И в горячечном бреду решила Любовь Дмитриевна, – мое еврейское счастье! – отыграться на сотруднике сектора, которым руководит Эйдлин, на его ученике и единомышленнике. Если ей удастся доказать, что диссертация Черкасского слаба и порочна и провалить защиту, то не составит большого труда дезавуировать и самого Эйдлина, допустившего появление на секторе вредоносной работы. И такой, с позволения сказать, ученый берется судить других! Никчемный руководитель, недалекий и беспринципный!

Такова была задумка.

Любовь Дмитриевну не смущало то обстоятельство, что в предварительном Отзыве, врученном мне за несколько месяцев до описываемых событий, было сказано немало лестных слов о “новаторском характере глубокой диссертации Л.Е.Черкасского”.

За два дня до защиты она явилась в Институт и в моем присутствии официально сообщила Ученому секретарю: “Я отказываюсь выступать официальным оппонентом. Мною подготовлен отрицательный Отзыв, с которым я намерена выступить в общих прениях.” Далее профессор сформулировала свои претензии к диссертации.

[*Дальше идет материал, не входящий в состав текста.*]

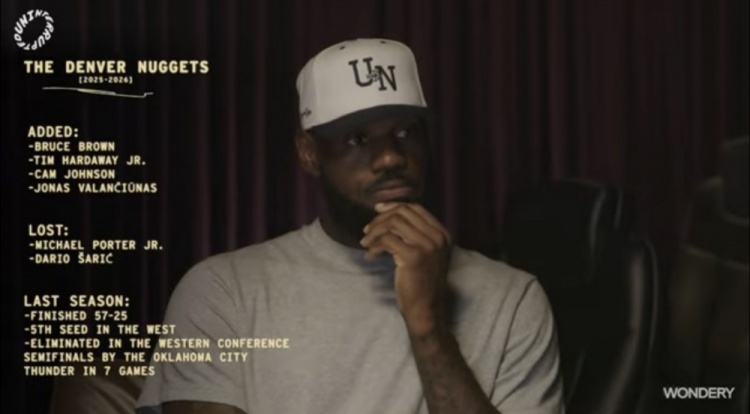 Nói về sự tiếp viện của Nuggets trong mùa giải, James nói: "Tôi nghĩ họ đã trải qua một mùa hè tuyệt vời. Họ giới thiệu nhiều cầu thủ phù hợp, nhiều cầu thủ đã được chứng minh. Tôi nghĩ Bruce Brown ban đầu là thành viên trong đội vô địch của họ và họ cũng giới thiệu một số mảnh ghép khác. Tất nhiên, họ đã mất Russ (Westbrook), Michael Porter Jr. và DeAndre Jordan, nhưng họ đã giới thiệu Valanciunas, người cũng là một ông lớn đã được chứng minh. Trước đây họ không muốn để trung tâm dự bị thi đấu, và tôi nghĩ bây giờ họ có Valanciunas, điều này sẽ không thành vấn đề. Tất nhiên, Rockets cũng đã thể hiện rất tốt và vừa thay thế KD (Durant). Nhưng dựa trên những cầu thủ có khả năng thích ứng mà Nuggets đã giới thiệu, tôi nghĩ công việc nghỉ hè của họ cực kỳ hiệu quả."

Гнев сыграл с ней злую шутку и лишил разума. В ее словах звучали ненависть к Эйдлину и нечто невразумительное в адрес моей работы. После ее ухода изумленный Ученый секретарь допытывался: “Что собственно она хотела сказать?”, но я вернул его к текущей задаче: нужно срочно искать замену.

Мело, мело по всей земле… а я, держа под мышкой тяжеленную диссертацию, брел от станции метро по направлению к дому Бориса Львовича Рифтина, который, не задумываясь, согласился в накаленной обстановке, за двое суток прочесть работу, подготовить официальный отзыв и выступить на защите.

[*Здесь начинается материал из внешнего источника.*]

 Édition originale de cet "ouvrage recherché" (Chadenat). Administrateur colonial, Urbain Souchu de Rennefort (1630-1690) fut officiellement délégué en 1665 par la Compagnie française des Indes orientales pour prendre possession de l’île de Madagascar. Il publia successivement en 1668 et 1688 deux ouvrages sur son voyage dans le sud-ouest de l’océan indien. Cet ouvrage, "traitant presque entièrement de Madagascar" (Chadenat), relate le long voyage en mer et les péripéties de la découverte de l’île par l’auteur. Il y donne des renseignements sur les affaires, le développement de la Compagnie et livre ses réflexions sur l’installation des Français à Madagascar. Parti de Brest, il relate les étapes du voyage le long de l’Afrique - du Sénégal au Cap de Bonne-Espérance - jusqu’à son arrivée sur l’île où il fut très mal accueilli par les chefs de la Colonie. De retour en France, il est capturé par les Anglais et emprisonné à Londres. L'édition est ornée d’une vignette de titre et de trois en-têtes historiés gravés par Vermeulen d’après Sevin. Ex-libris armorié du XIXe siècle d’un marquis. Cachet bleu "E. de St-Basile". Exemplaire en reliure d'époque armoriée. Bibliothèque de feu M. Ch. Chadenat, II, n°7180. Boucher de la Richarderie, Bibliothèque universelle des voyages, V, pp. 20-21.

Защита привлекла всеобщее внимание: запахло жареным.

Официальные оппоненты не моргнув глазом сыграли свои партии, я достойно парировал замечания. Наконец, настало время для свободной дискуссии.

Первой на трибуне утвердилась Любовь Дмитриевна Позднеева. Для устрашения она выставила кипу китайских книг с многочисленными закладками, в которые ни разу не заглянула. Ее гладкое белое лицо было бледнее обычного, в губах зажата сигарета. В процессе обличения в какой-то момент во рту у нее оказались сразу две сигареты, и я не к месту вспомнил образное выражение акад. В.М.Алексеева касательно профессора Позднеевой: “п…а с папиросой”. Цинично? А разве то, что творила ренессансная дама, не было цинизмом в крайнем своем проявлении?

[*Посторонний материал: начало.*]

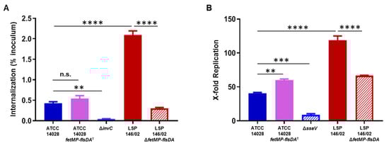 Invasion of epithelial HeLa cells by S. Typhimurium ATCC 14028 harboring the cloned fetMP-flsDA genes (ATCC 14028 fetMP-flsDAT) (A) and replication of the same strain within RAW264.7 macrophages (B). The data are the mean values ± standard deviations of three biological replicates. Statistical significance (**** p < 0.0001; *** p < 0.001; ** p < 0.01) was determined by one-way ANOVA and the Tukey´s post-test.

Между тем профессор МГУ выдвигала против меня обвинения “в пропаганде китайских троцкистов в области литературы”, “в намеренной недооценке влияния Октябрьской революции на китайскую культуру”, в том, что я… Доносы “тянули” на большой срок со строгой изоляцией, и мне бы его не избежать, произнеси она свою фискальную речь в старые добрые времена.

Моя дочь сидела в зале с расширенными от ужаса глазами, а я неожиданно вдруг успокоился, сосредоточился и стал быстро набрасывать тезисы своих ответов на ее беспочвенные и даже глупые выпады.

В пылу политических обвинений она как-то”упустила” саму диссертацию, то есть всего-навсего новую китайскую поэзию, которой были посвящены 800 страниц моего научного опуса.

Ко мне подошел заведующий Отделом, и шепнул: “Лёня, ты ее не очень терзай! Не стоит”. Я и не собирался. Мой ответ по сравнению с ее безумными словесами звучал рассудительно и дружелюбно. Я начал так :

– Уважаемые члены Ученого Совета! Уважаемая Любовь Дмитриевна! Товарищи! Я с интересом выслушал речь неофициального оппонента и с удовлетворением констатирую, что в ней совершенно нет замечаний по теме моей диссертации. Это обстоятельство еще раз меня убеждает, что я на верном пути. Я всегда прислушивался к вашим, Любовь Дмитриевна, высказываниям по проблемам китаеведения. (Смешок в зале). Что касается политических претензий, то они относятся явно не к моей работе, в чем может легко убедиться любой объективный читатель. Я пропагандирую троцкистов? Полноте! Не мой сюжет. Я пишу совсем о другом. Извольте, страница такая-то, такая-то и такая-то… ( цитирую, цитирую и цитирую). Если Вы это считаете пропагандой, то что тогда ее отсутствие? Вы полагаете, что я недооцениваю роль Октября, но разве такие вот пассажи не противоречат самым решительным образом вашим утверждениям: я не историк, я литературовед, и в мою задачу входит оценка художественного текста (цитирую и цитирую).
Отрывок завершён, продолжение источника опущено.